Justices J Chelameswar, Ranjan Gogoi, Madan B Lokur and Kurian Joseph – who had held the press conference highlighting various issues, including allocation of important and sensitive PILs, and questioned the manner in which the CJI was allocating them.
The collegium had on 11 January decided to recommend the names of Joseph and Malhotra for appointment as apex court judges.
The sources said these two names have now been formally sent to the government.
Malhotra would become the first woman lawyer to be directly appointed as a judge of the apex court, sources said.
The name of Justice Joseph, who was part of the bench which in 2016 had quashed the imposition of President's Rule in the state, has also been cleared for elevation to the apex court in a collegium meeting held on 10 January.
Justice Joseph was appointed as Permanent Judge of the Kerala High Court in 2004 and later transferred to Uttarakhand High Court where he assumed charge in 2014 as Chief Justice.
Malhotra, who was designated as a senior advocate in 2007, would be the first woman lawyer to be directly appointed as a judge of the top court, instead of being elevated from a high court.
She will be the seventh woman judge since independence to make it to the Supreme Court.
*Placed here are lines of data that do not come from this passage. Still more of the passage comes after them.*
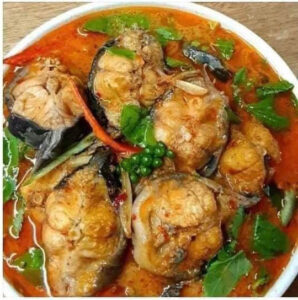 4.ใส่ปลาดุก ตามลงไป ปรุงรสด้วยน้ำปลา น้ำตาลทราย กะปิ ใบมะกรูด มะเขือ ถั่งฝักยาว พริกชี้ฟ้า พริกไทยสด มะเขือพวง คนให้เข้ากันดี
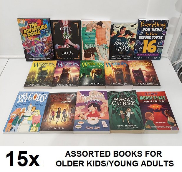 15 ASSORTED BOOKS FOR OLDER KIDS/YOUNG ADULTS OF VARIOUS GENRES **SEE PHOTOS**
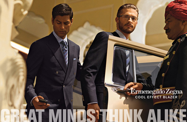 继08春夏在北京故宫拍摄大片之后,顶级男装品牌Ermenegildo Zegna 2009 年春夏广告选择在有着“粉红之城” 美誉的斋浦尔(Jaipur,印度拉贾斯坦邦Rajasthan 的首府)进行拍摄,而这也是第一个有机会在印度拍摄国际广告的男装奢侈品牌。
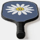 Brightly colored pickleball paddle features white daisy on slate blue background. Center of daisy is yellow and features an initial. A perfect gift for the women in your life who love pickelball. This is a great gift for your weekly pickleball group members or your bridesmaids. Delete the initial in the "Personalize This Template" section if you'd like the daisy with no initial. Be sure to personalize it with the correct initial prior to checkout. Available in blue, orange and lime green.
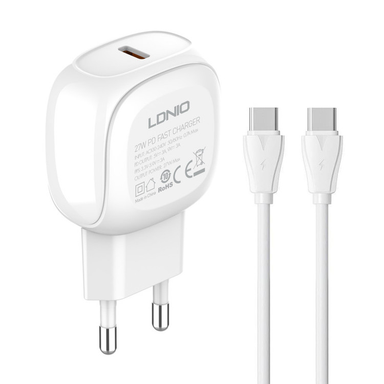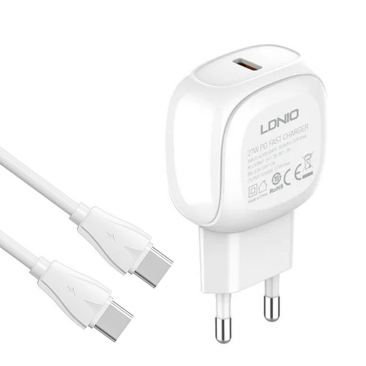 آداپتور شارژر 27 وات الدینیو مدل A1206C به همراه کابل تبدیل USB-C

At present, Justice R Banumathi is the lone woman judge in the apex court.
Since Independence, only six women judges have made it to the top court as judges.
The first appointment was of Justice M Fathima Beevi in 1989, 39 years after the setting up of the Supreme Court in 1950.
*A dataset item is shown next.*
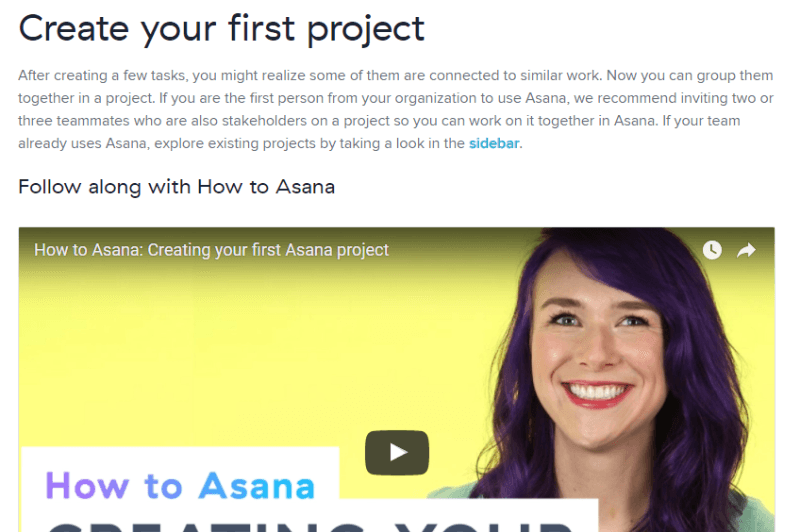 让我们从头开始。 在每篇文章的顶部,Asana 都包含文章的快速视频摘要——这是接触那些喜欢多媒体学习而不是文本的人的好方法:

Justice Fathima Beevi was elevated to the apex court after her retirement as a judge of the Kerala High Court.
After serving the top court till 29 April 1992, she was later appointed as the Governor of Tamil Nadu.
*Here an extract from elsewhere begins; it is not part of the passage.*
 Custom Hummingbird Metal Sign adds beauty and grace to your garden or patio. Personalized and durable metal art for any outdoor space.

The second woman judge in the Supreme Court was Justice Sujata V Manohar who started her career as a judge from the Bombay High Court and rose to become the Chief Justice of the Kerala High Court. She was elevated to the apex court where she remained from 8 November 1994 till 27 August 1999.
Justice Ruma Pal followed Manohar after a gap of almost five months and became the longest-serving woman judge from 8 January 2000 to 2 June 2006.
After her retirement, it took four years to appoint the next woman judge. Justice Gyan Sudha Misra was elevated to the Supreme Court from Jharkhand High Court where she was the Chief Justice. Her tenure in the apex court was from 30 April 2010 to 27 April 2014.
During her stint, she was joined by Justice Ranjana Prakash Desai, who served the apex court between 13 September 2011 to 29 October 2014. These two judges also created a history by holding the court together as an all-women bench for a day in 2013.
Justice Banumathi, who at present is the only sitting woman judge, had joined on 13 August 2014 and would retire on 19 July 2020.
In the 67-year history of the Supreme Court, there have been only two occasions when it has had two sitting women judges together, the first being Justices Misra and Desai and later Justices Desai and Banumathi.